What you return should be the full listing, copied exactly and stripped of its pictures.

---

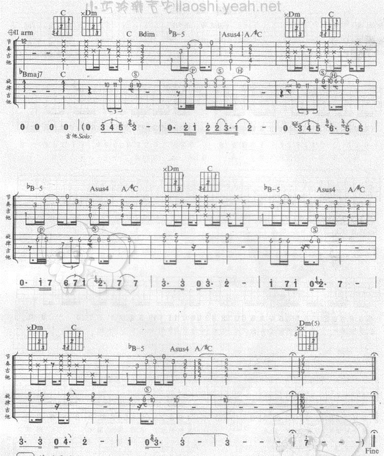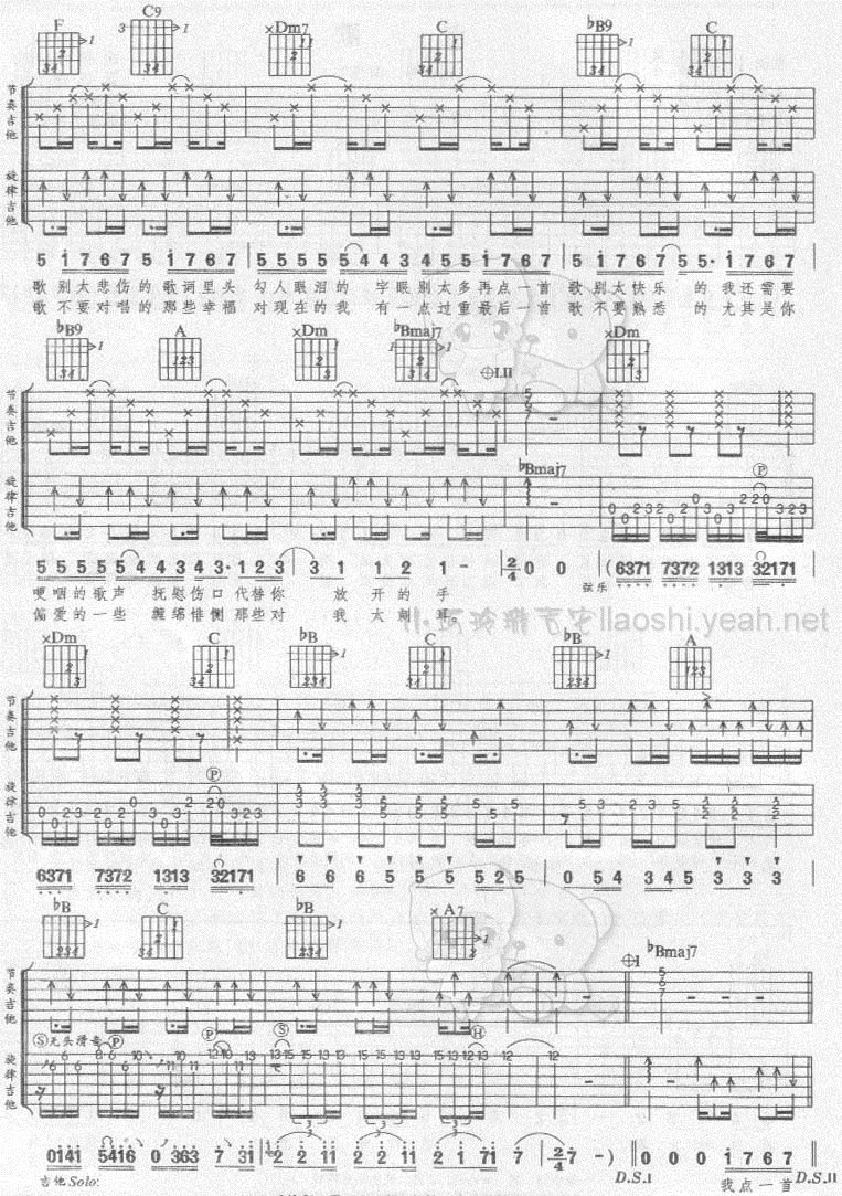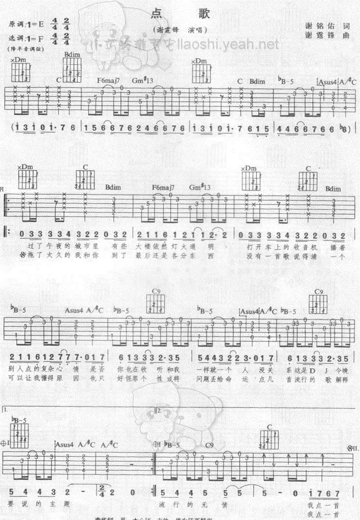 曲谱介绍: 《点歌》吉他弹唱谱,共有3张高清图谱。
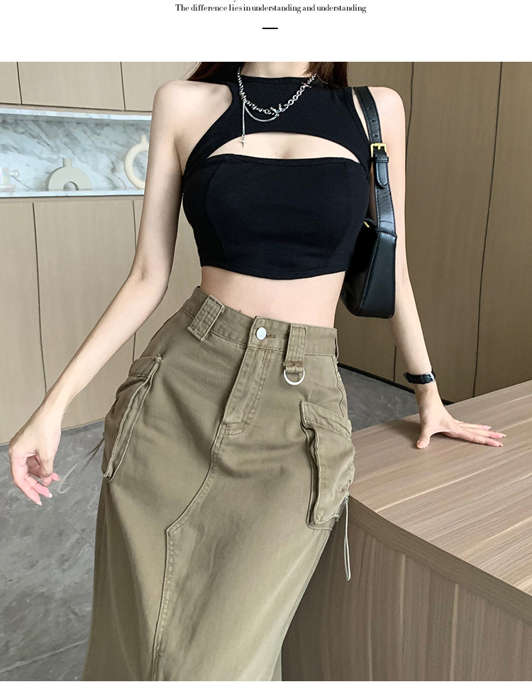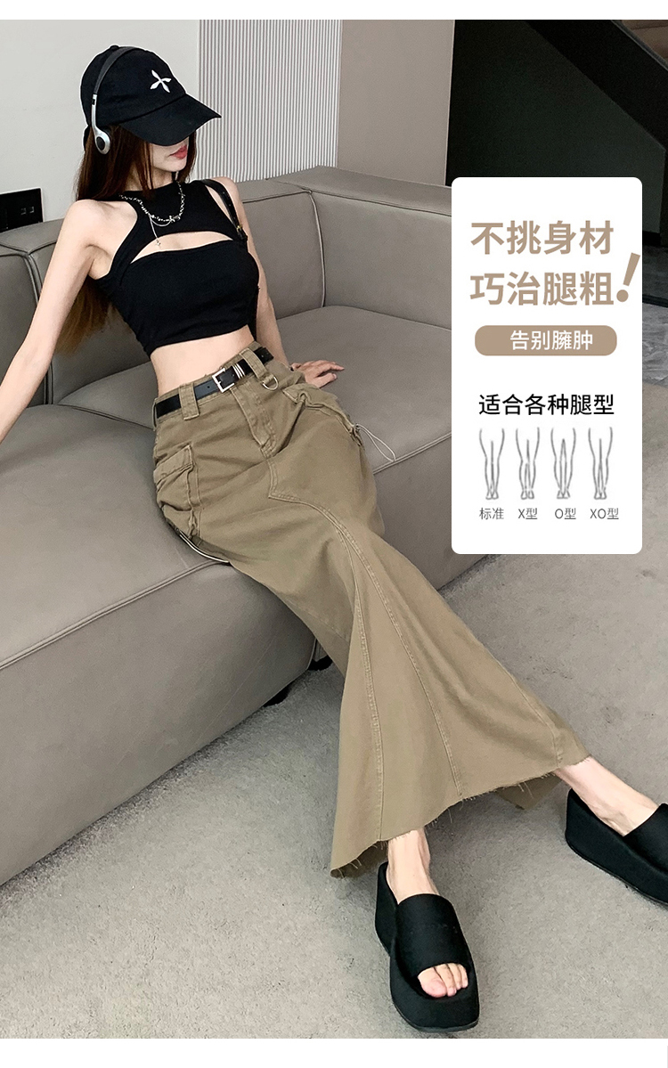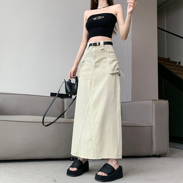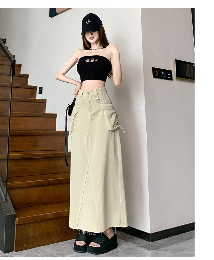 RM12504#复古美式设计感小众抽绳口袋工装半身裙夏季新款开叉长裙
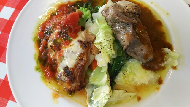 Aランチサラダ、スープ、パンorライス、メイン、ドリンク(1100円)この日のメインはチキンのトマトソースと豚ロース!
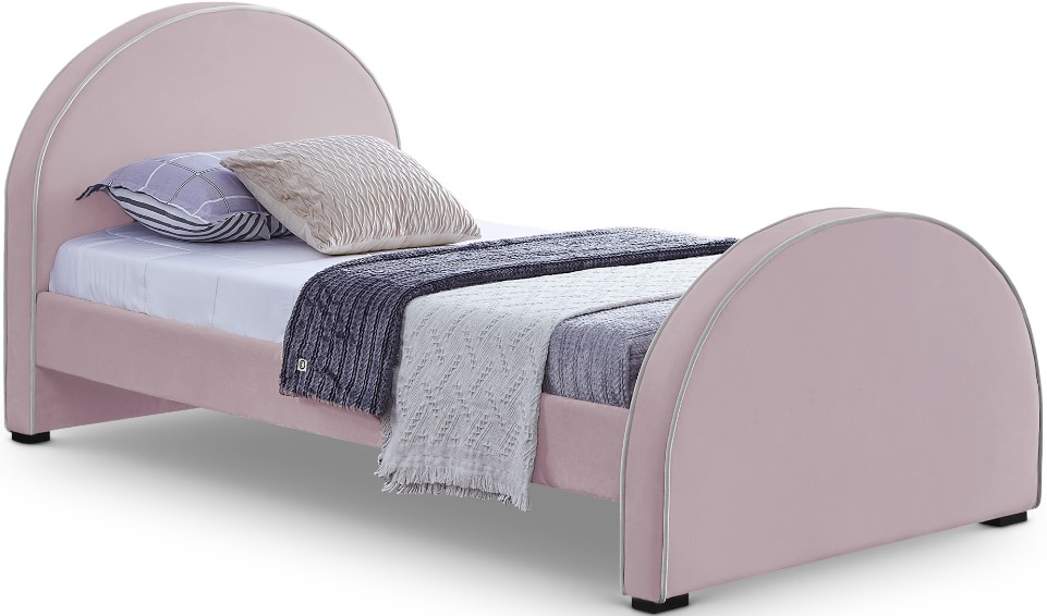 Get a good night's sleep with this Brody pink velvet twin bed. Crafted from a mixture of wood, velvet, and foam, this bed is as comfy as it is cozy. Its soft pink velvet bed frame features cream velvet piping, giving it an appearance reminiscent of gingerbread.Read More
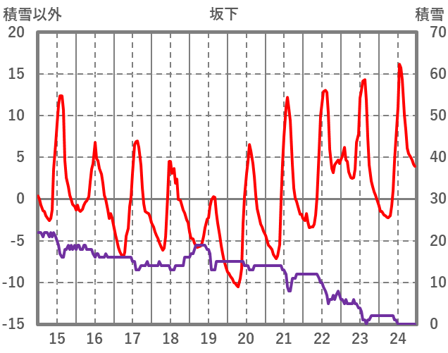 | 日 | 時 | 気温 | 降水 | 風向/風速 | 日照 | 積雪 | 降雪 |
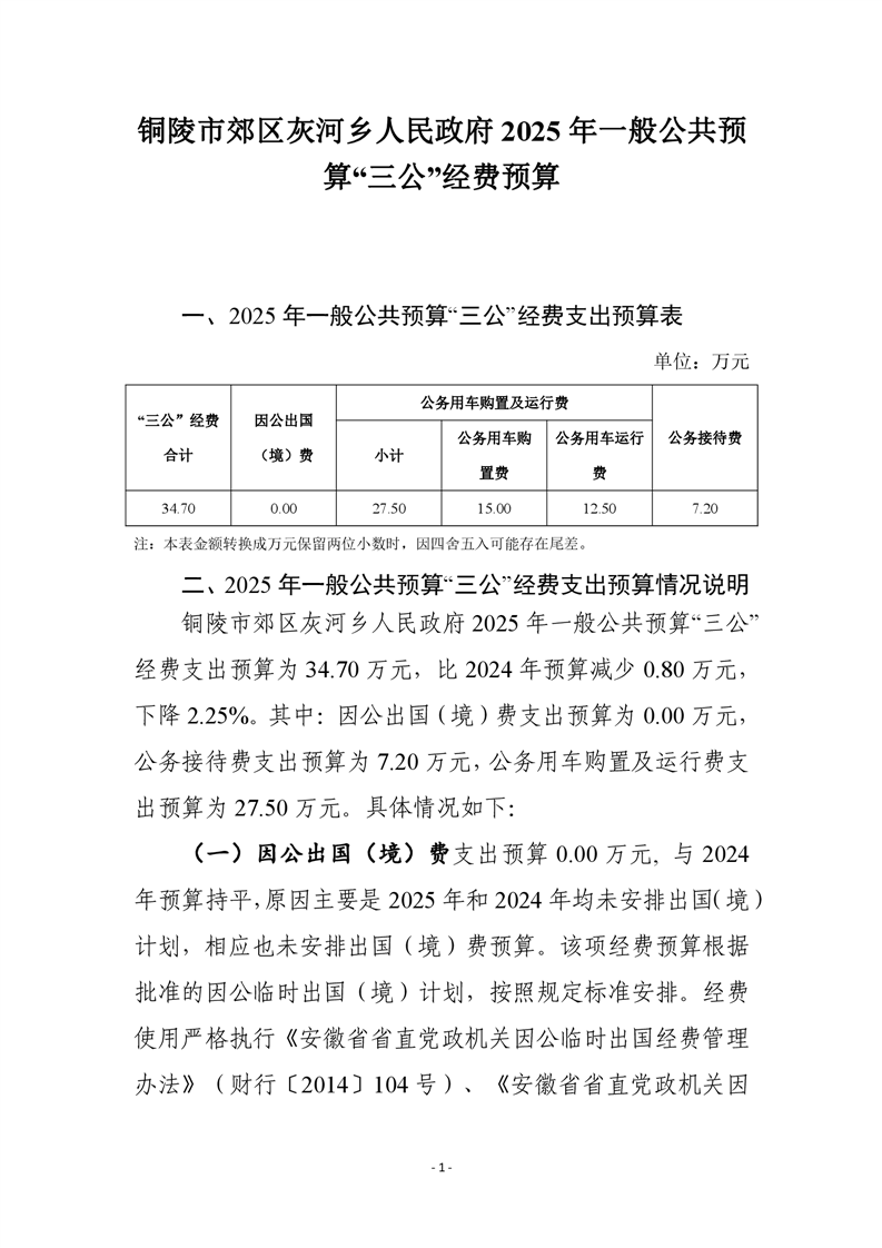 铜陵市郊区灰河乡人民政府2025年度三公经费预算信息公开

---

■ **Response**
 曲谱介绍: 《点歌》吉他弹唱谱,共有3张高清图谱。
 RM12504#复古美式设计感小众抽绳口袋工装半身裙夏季新款开叉长裙
 Aランチサラダ、スープ、パンorライス、メイン、ドリンク(1100円)この日のメインはチキンのトマトソースと豚ロース!
 Get a good night's sleep with this Brody pink velvet twin bed. Crafted from a mixture of wood, velvet, and foam, this bed is as comfy as it is cozy. Its soft pink velvet bed frame features cream velvet piping, giving it an appearance reminiscent of gingerbread.Read More
 | 日 | 時 | 気温 | 降水 | 風向/風速 | 日照 | 積雪 | 降雪 |
 铜陵市郊区灰河乡人民政府2025年度三公经费预算信息公开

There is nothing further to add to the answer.